Su amigo Antonio Daud, exdirector del Instituto de Medicina Legal de Valencia, es dueño de una pequeña vivienda que antaño fue de pescadores. Se esconde entre un grupo de dunas, en la linde de los términos municipales de Sueca y Cullera. Le había sido embargada a un pobre diablo y la adquirió a muy buen precio en la correspondiente subasta judicial, con la intención de pasar allí el mayor tiempo posible tras su jubilación. Su situación actual —a media pensión, como él dice— ni es jubilación ni es nada. Una nueva recaída del maldito cáncer lo tiene de baja desde mediados de septiembre, aunque no se encuentra en tan mal estado como para no poder echarle una mano a su amigo Alfonso, hundido en una profunda melancolía desde el mismo día de la recaída; el día que sobrevino la desgracia.

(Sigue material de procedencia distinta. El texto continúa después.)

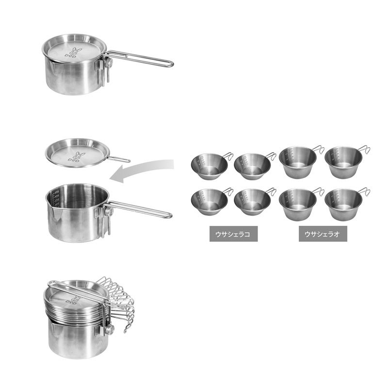 DODではさらに収納効率を高めるべく、好評発売中のシェラカップ「ウサシェラオ」や「ウサシェラコ」が中にぴったり納まる設計の本製品を今回開発しました。
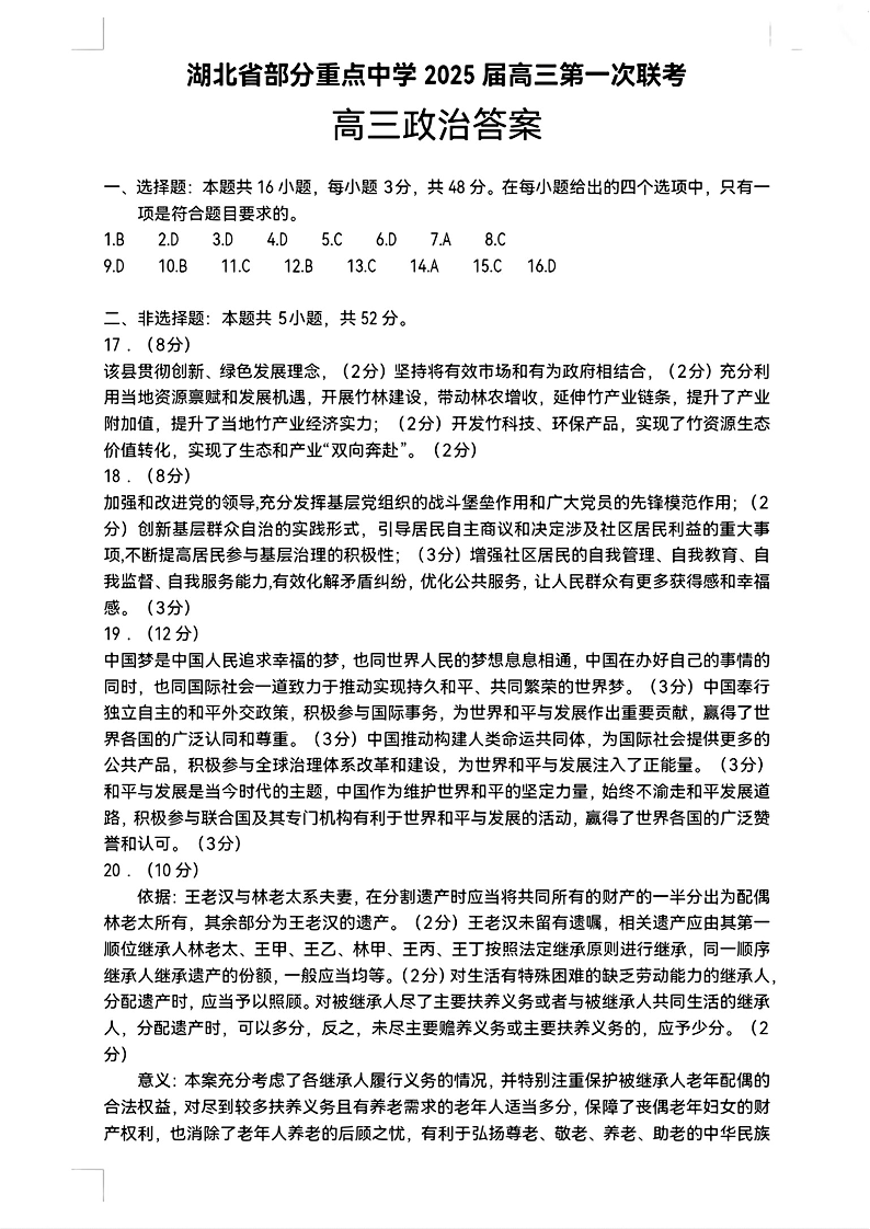 湖北省部分重点中学2025届高三第一次联考 政治答案

Un escalofrío recorre la espalda de Escrihuela. Abre los ojos y fija la mirada en la chaqueta de punto que reposa hecha un ovillo en la silla, junto a la mecedora en que se acuna, para asegurarse de que realmente es lo que busca, pues a primera vista no la distingue con nitidez. No se la pone; simplemente se la deja caer por encima, como si tuviese que abrochársela por la espalda, imitando las camisas de fuerza que les ponen —o les ponían— a los locos. Sobre ese extremo duda Escrihuela. Él, loco no está. Eso sí, la mente se le bloquea a poco que intenta razonar, y el único remedio que en ocasiones funciona es entornar los ojos de cara al mar y dejarse arrullar por el sonido de las olas. Esa tarde, la mar está picada —poco habitual en el golfo de Valencia— y el ruido del ir y venir de las aguas, en lugar de apaciguarlo, lo está sacando de quicio.
—¿Qué pasa, Alfonsito? —pregunta el forense al entrar en el cerramiento, todavía con el olor a marihuana pegado al cuerpo.
Al inspector le molesta el tufo a maría, y suele emprenderla con su amigo con la intención de hacerle ver que aquella mierda no es lo más adecuado para sus dolencias.
—Las olas, Gordo, las olas. Hoy no las aguanto, resuenan aquí dentro como si estuviera en un campanario —dice, llevándose el índice a la sien derecha—. ¿No hay modo de bajarle el volumen a eso?
—Vamos adentro, que está refrescando. Seguro que ahí se oyen menos. Además, no sé dónde he dejado el mando a distancia. Hay que joderse, Alfonso, cómo están las cabezas. ¡Bajar el volumen al mar!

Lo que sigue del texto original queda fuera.